• TASK REQUIREMENTS
I would like the lines below, from the one with "So lange sause" through the one with "O documento discute", copied exactly and without any pictures.

• RECORDS FOR THE EXERCISE

============

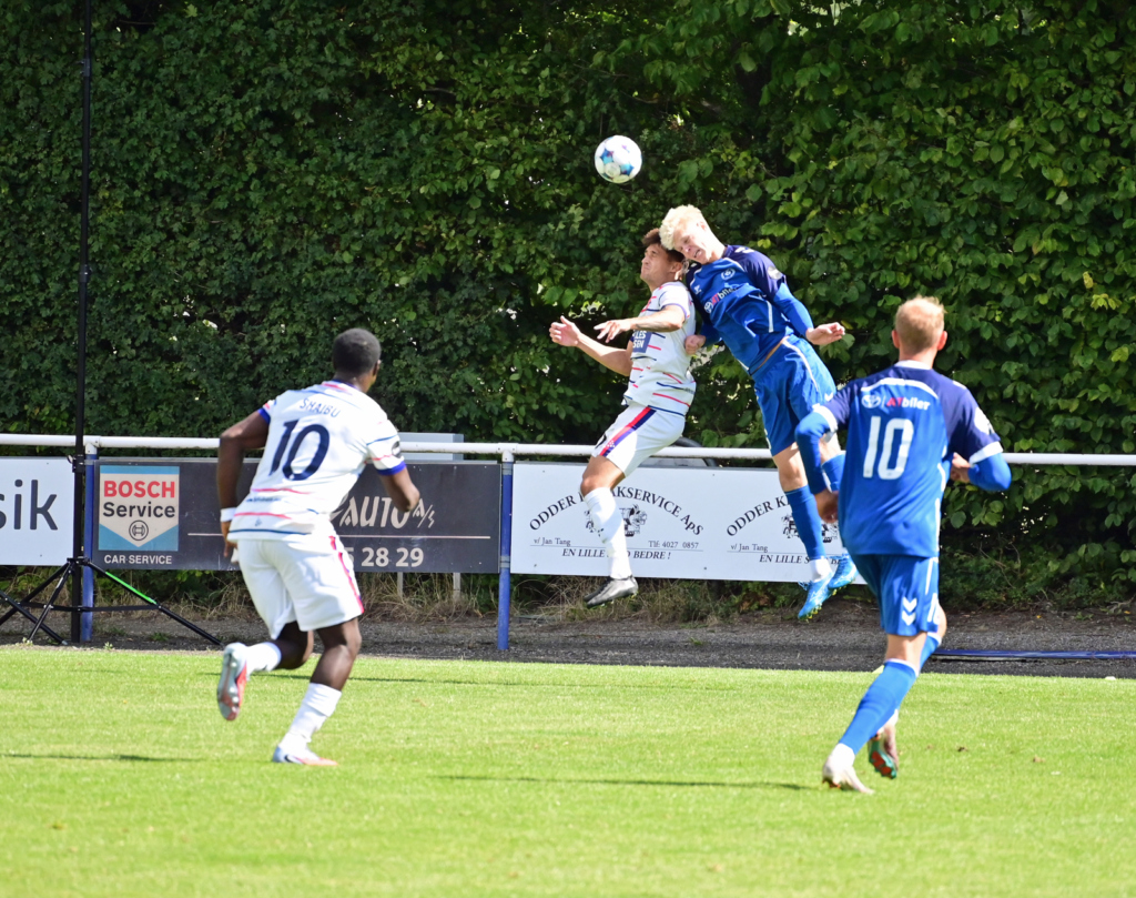 Odder forsøgte at presse FREM, men det lykkedes ikke rigtig dog havde de en stor mulighed i overtiden, men afslutningen sad lige i favnen på Tobias Søderstrøm.
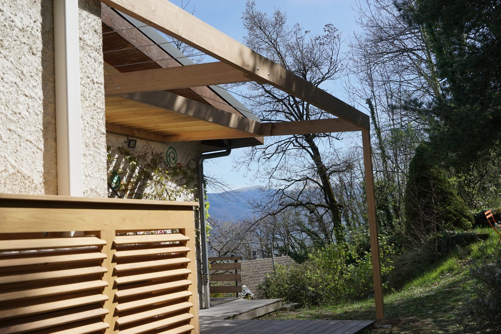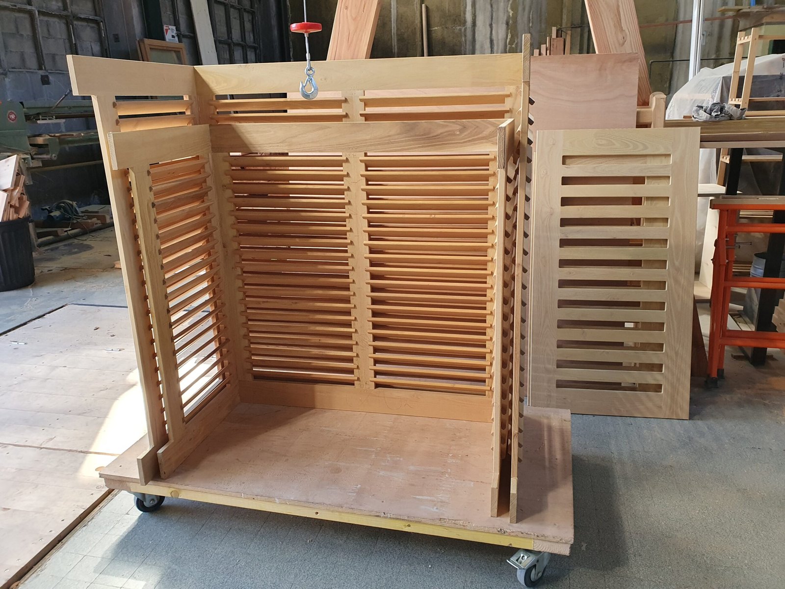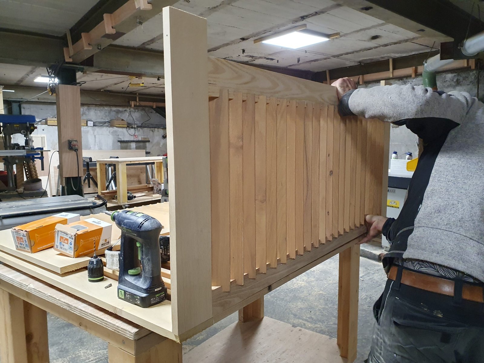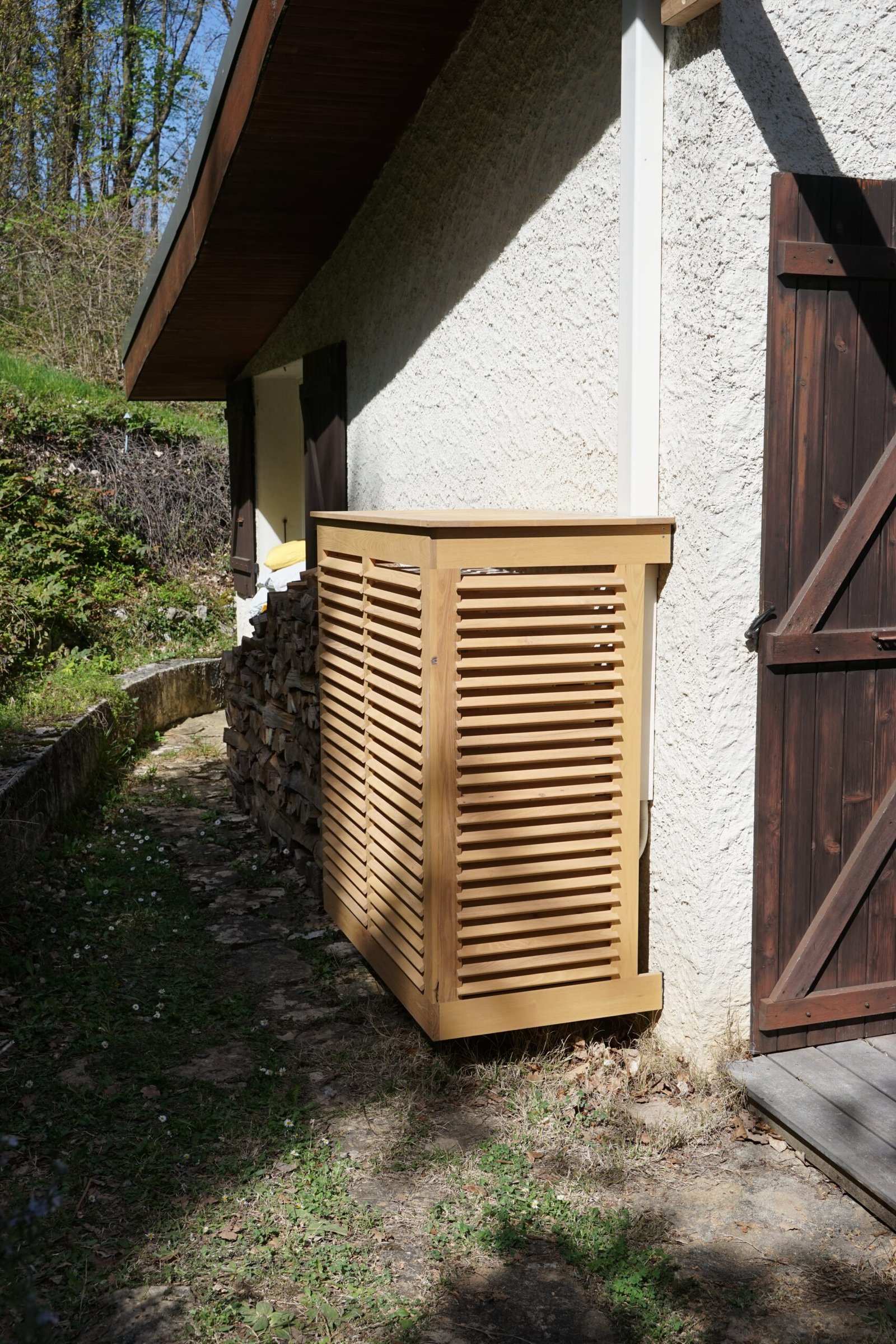 Réalisation d'un habillage de groupe froid en robinier massif.
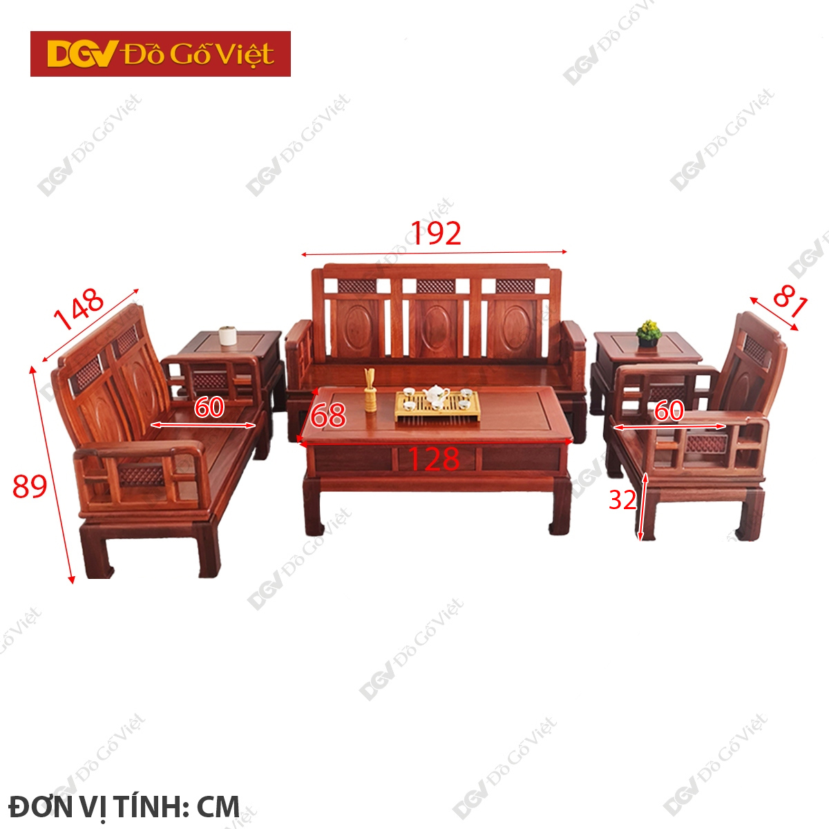 • Bàn trà: Dài 128cm x Rộng 68cm x Cao 46cm.
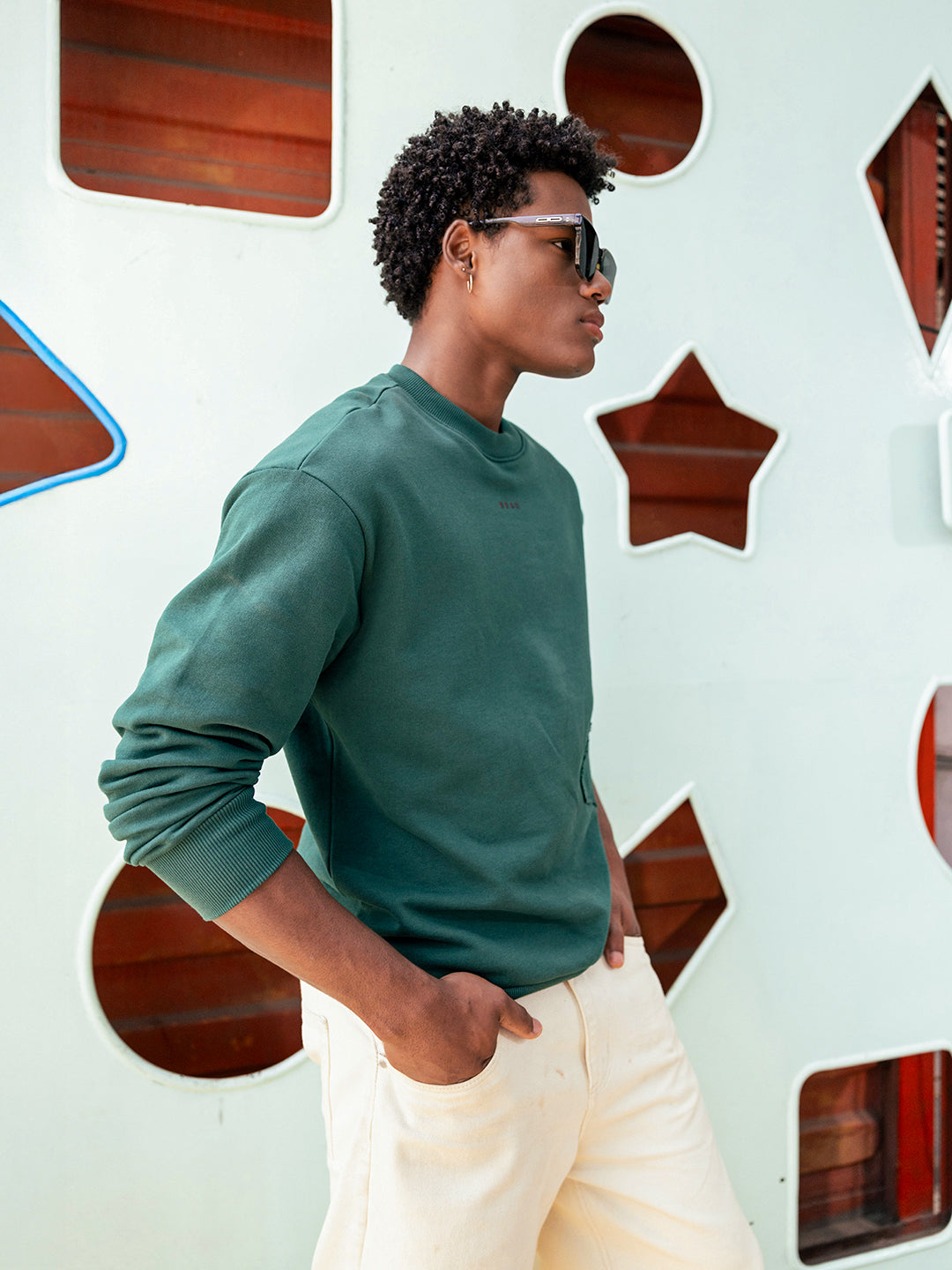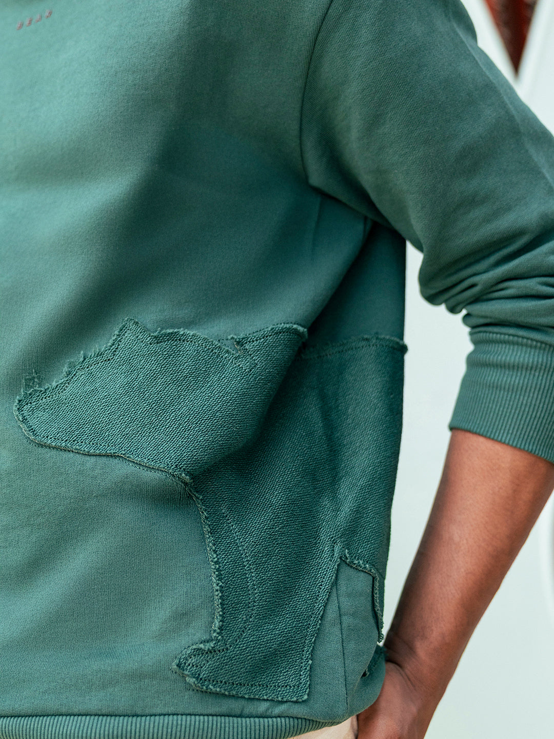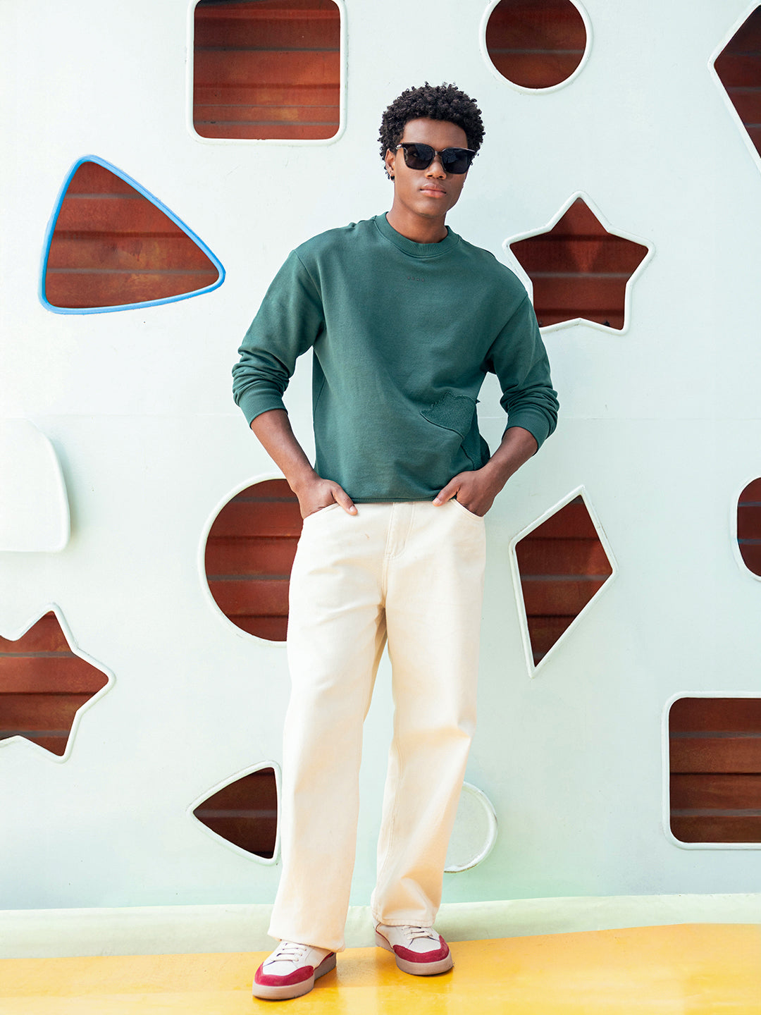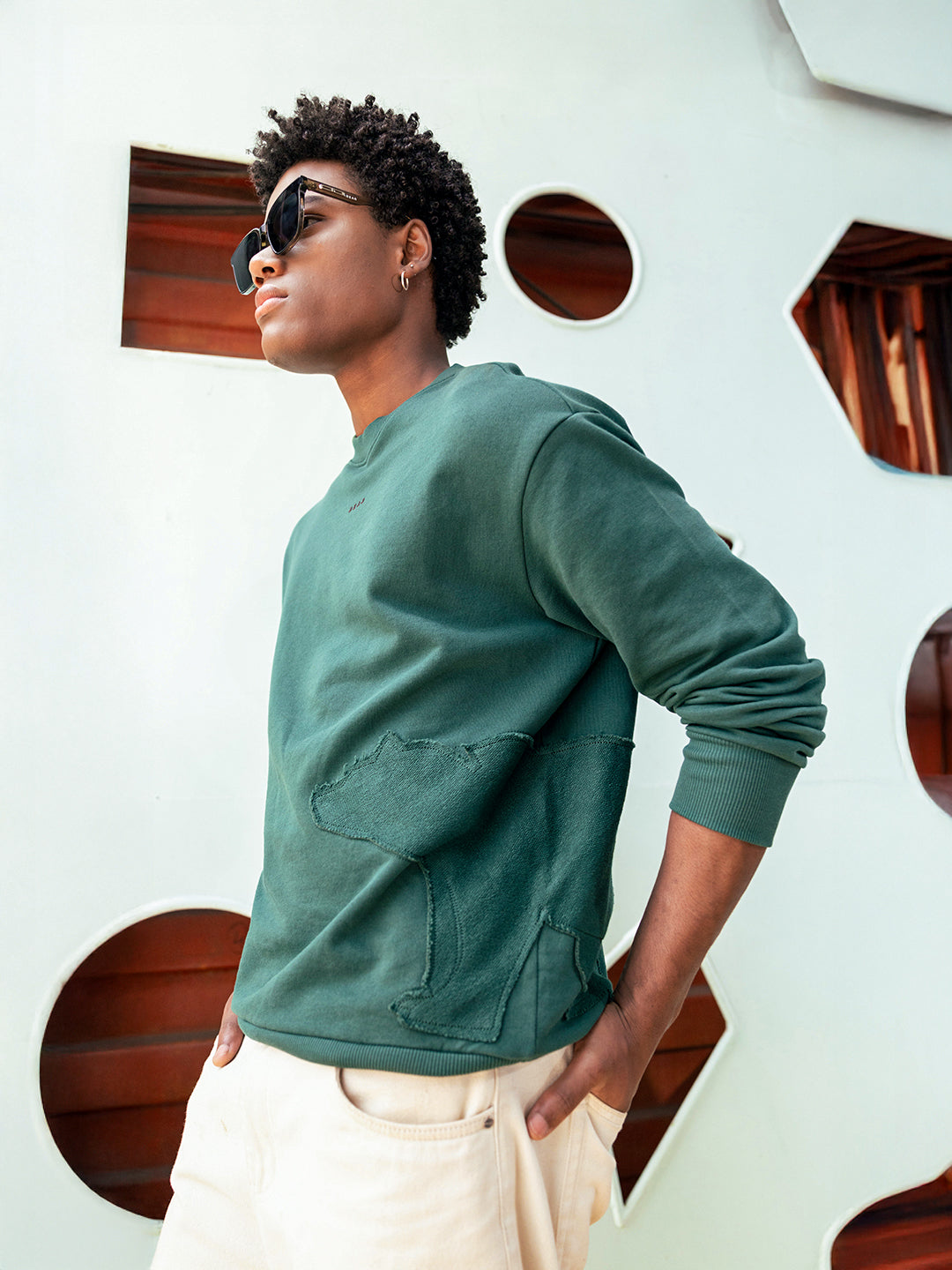 Forest Green Relaxed Fit Crew Neck Sweatshirt with Bear Patch
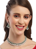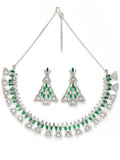Karatcart Silver Plated Triangle Shape Green Cubic Zirconia Studded Necklace Set for Women
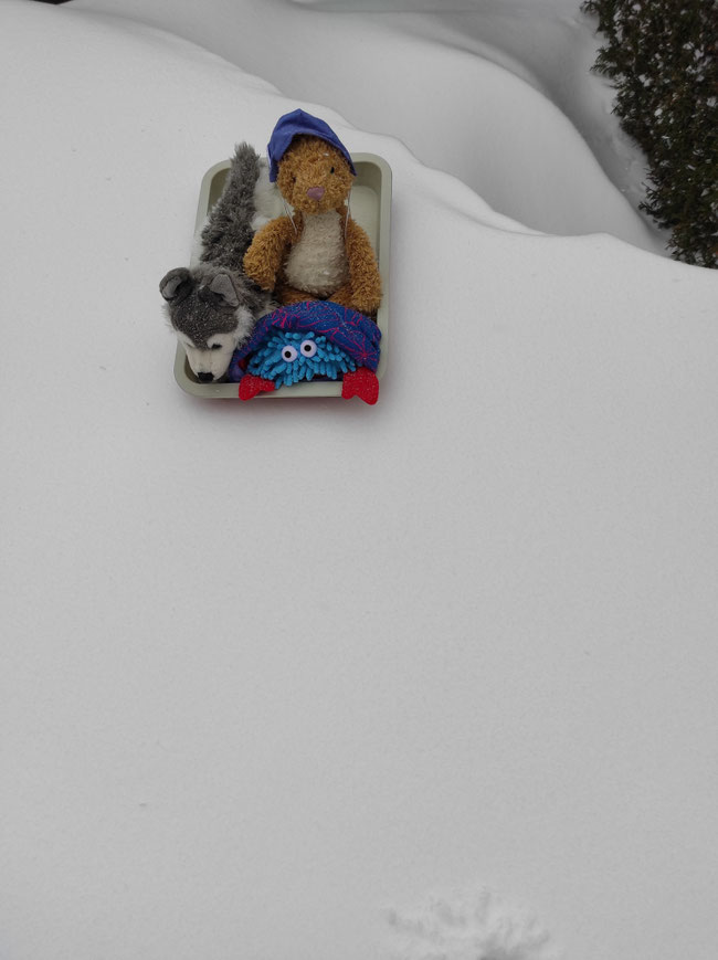 So lange sause ich nun durch den Schnee! Schon bin ich weg!
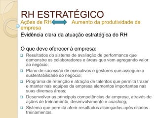 O documento discute as ações estratégicas que o RH deve tomar para aumentar a produtividade da empresa, como avaliação de desempenho, sucessão de executivos, retenção e atração de talentos, e desenvolvimento de competências. Também lista ações como promover a visão da empresa, recrutar profissionais qualificados, programas de ética e comunicação, e interagir com universidades.
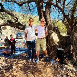 zur Attraktion. Sie wollen uns mit Couscous vom Holzfeuer verköstigen. Wir bleiben aber bei Tee und selbst gebackenem Kuchen. Nach der Fotosession verabschieden wir uns mit „shukran und bslana“. Leider sind nachher unsere Hunde weg, immerhin haben sie uns 8 km begleitet. Zurück an unserem Ausgangspunkt bestellen wir Tagine und Spaghetti (ich hatte einfach Lust darauf).
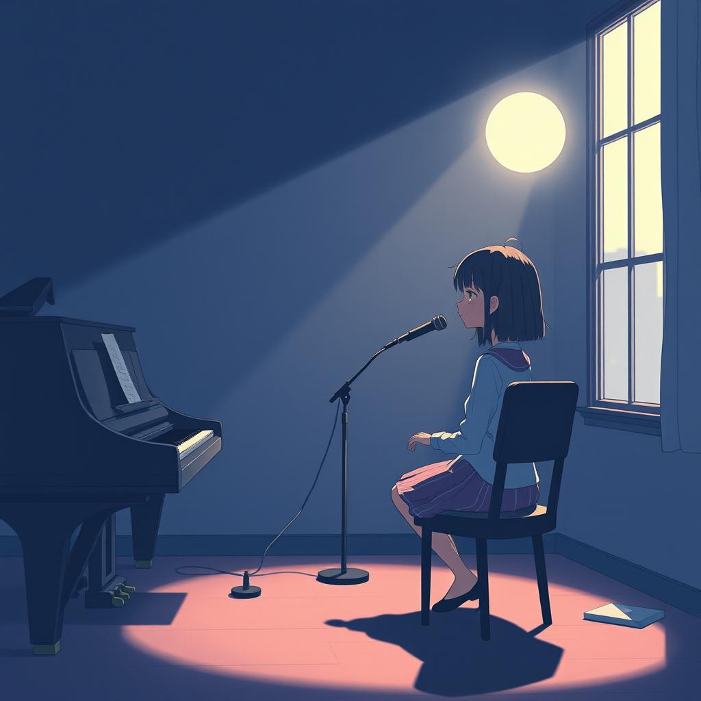 Emotional cute J-pop ballad with dreamy atmosphere, Soft piano, gentle synth pads, light drums and subtle strings, Slow tempo (70–85 BPM), Female vocal, soft, cute and slightly breathy, expressing loneliness turning into love, Verses are intimate and dreamy, building emotion toward the chorus, The chorus should feel uplifting and emotional, Chorus melody should follow the provided audio reference, Anime ending theme style, emotional and nostalgic

============

• WRITTEN SOLUTION
 So lange sause ich nun durch den Schnee! Schon bin ich weg!
 O documento discute as ações estratégicas que o RH deve tomar para aumentar a produtividade da empresa, como avaliação de desempenho, sucessão de executivos, retenção e atração de talentos, e desenvolvimento de competências. Também lista ações como promover a visão da empresa, recrutar profissionais qualificados, programas de ética e comunicação, e interagir com universidades.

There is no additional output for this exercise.